Devil Doll (1964)
3/10
Woo! Devil doll!
25 January 2020
Warning: Spoilers
Lindsey Shotneff may have been born in Canada, but he made the majority of his films in the UK. Most famously, he co-wrote and directed the James Bond ripoff License To Kill in 1965, which was released in the U.S. as The Second Best Secret Agent in the Whole Wide World.

In 1977, when there was a publicity battle between who owned James Bond - Albert R. Broccoli (The Spy Who Loved Me) vs. Kevin McClory (the projected James Bond of the Secret Service) - Shonteff made No. 1 of the Secret Service (AKA 008 of the Secret Service), Licensed to Love and Kill and Number One Gun.

He also made the horror film Night After Night After Night about a killer transvestite judge, the groupie film Permissive (it has the Collinson twins from Twins of Evil in it), The Yes Girls and The Big Zapper as well as its sequel, The Swordsman.

This movie got an X rating when it first came out, if you can believe that. Its original director was going to be Sidney J. Furie, who went on to make Iron Eagle and The Entity.

The Great Vorelli and his dummy Hugo perform before packed audiences in London, despite the strange tension between the two of them. Yes, more tension than is usually present in a dummy and performer relationship. Vorelli is played by Bryant Halliday, who did acting as pretty much a hobby, as his true job was running the 55th Street Playhouse in New York and using it as the primary location for exhibiting films distributed by the company he co-owned, Janus. Those films included works by Ingmar Bergman, Federico Fellini, Akira Kurosawa and Michelangelo Antonioni.

American reporter Mark English (William Sylvester, Dr. Floyd in 2001 A Space Odyssey) wants to know more, so he gets his girl Marianne (Yvonne Romain, The Curse of the Werewolf) to go to another show with him. Of course, Vorelli hypnotizes her and makes her dance the Twist.
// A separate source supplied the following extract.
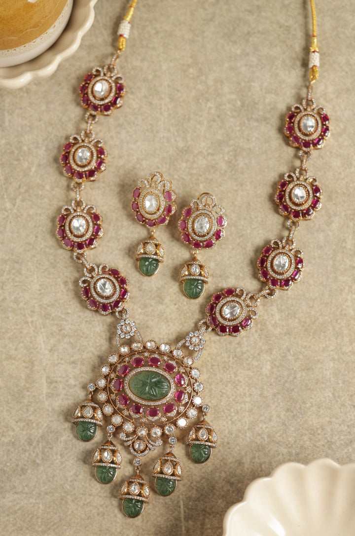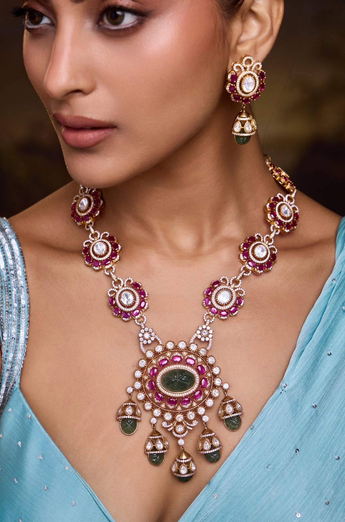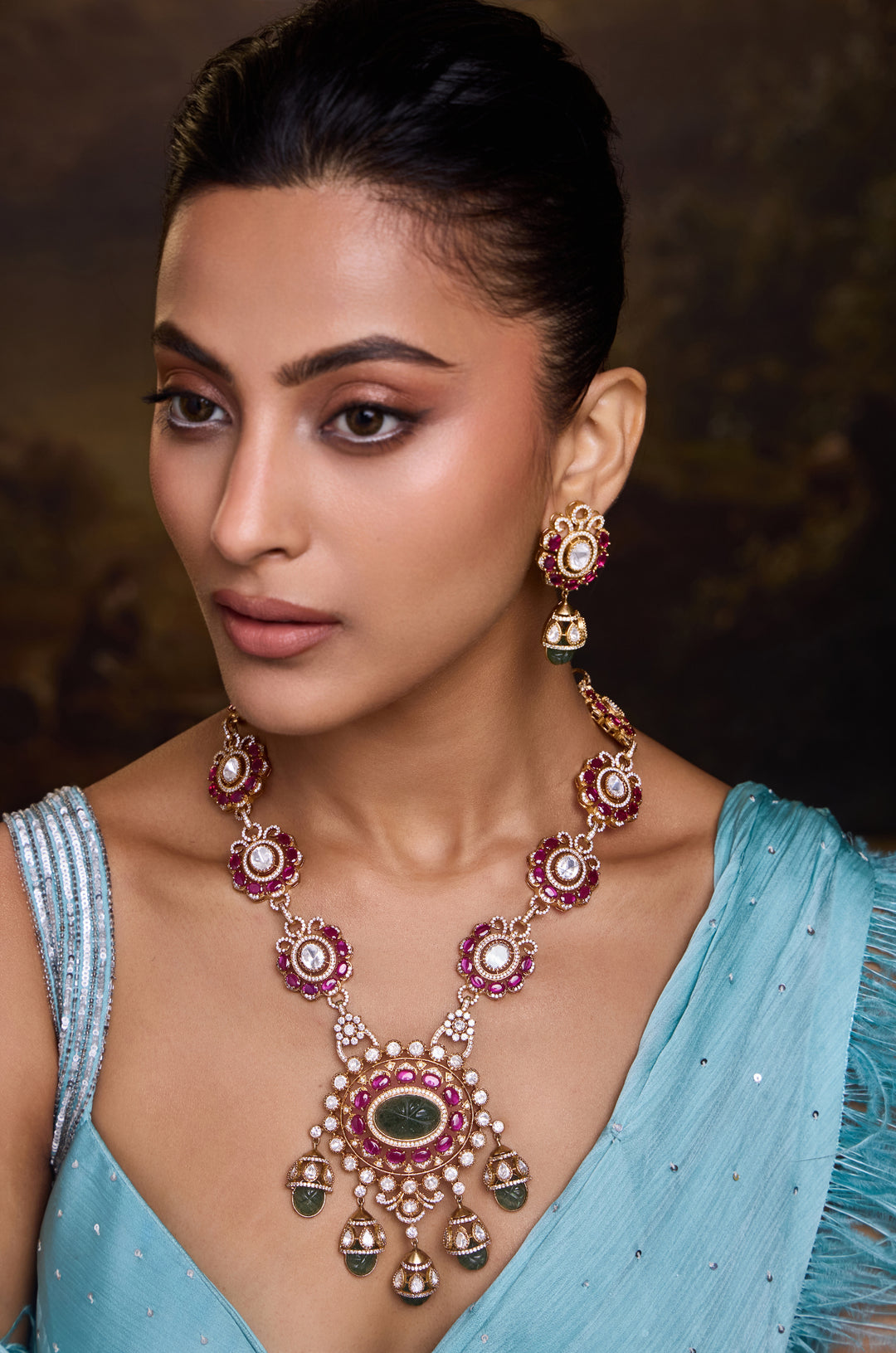 This exquisite necklace set features a harmonious blend of pink garnet stones, sparkling polkis, and intricately carved fluorite mint drops, exuding an air of royal elegance. Symmetrical medallion designs flow elegantly along the neckline, culminating in a striking, large pendant reminiscent of regal portraits. The matching earrings mirror this grandeur, adorned with delicate mint drops that shimmer like morning dew in a mystical forest.

He's a Svengali who wants to hypnotize her and make her his. And oh yes - Hugo is pretty much alive.

This movie is based on a tale that Frederick E. Smith wrote for London Mystery Magazine in 1951, earning ten pounds for its sale and giving up any rights. Then again, it's also ripped off from the segment in Dead of Night, that has a killer doll named, you guessed it, Hugo.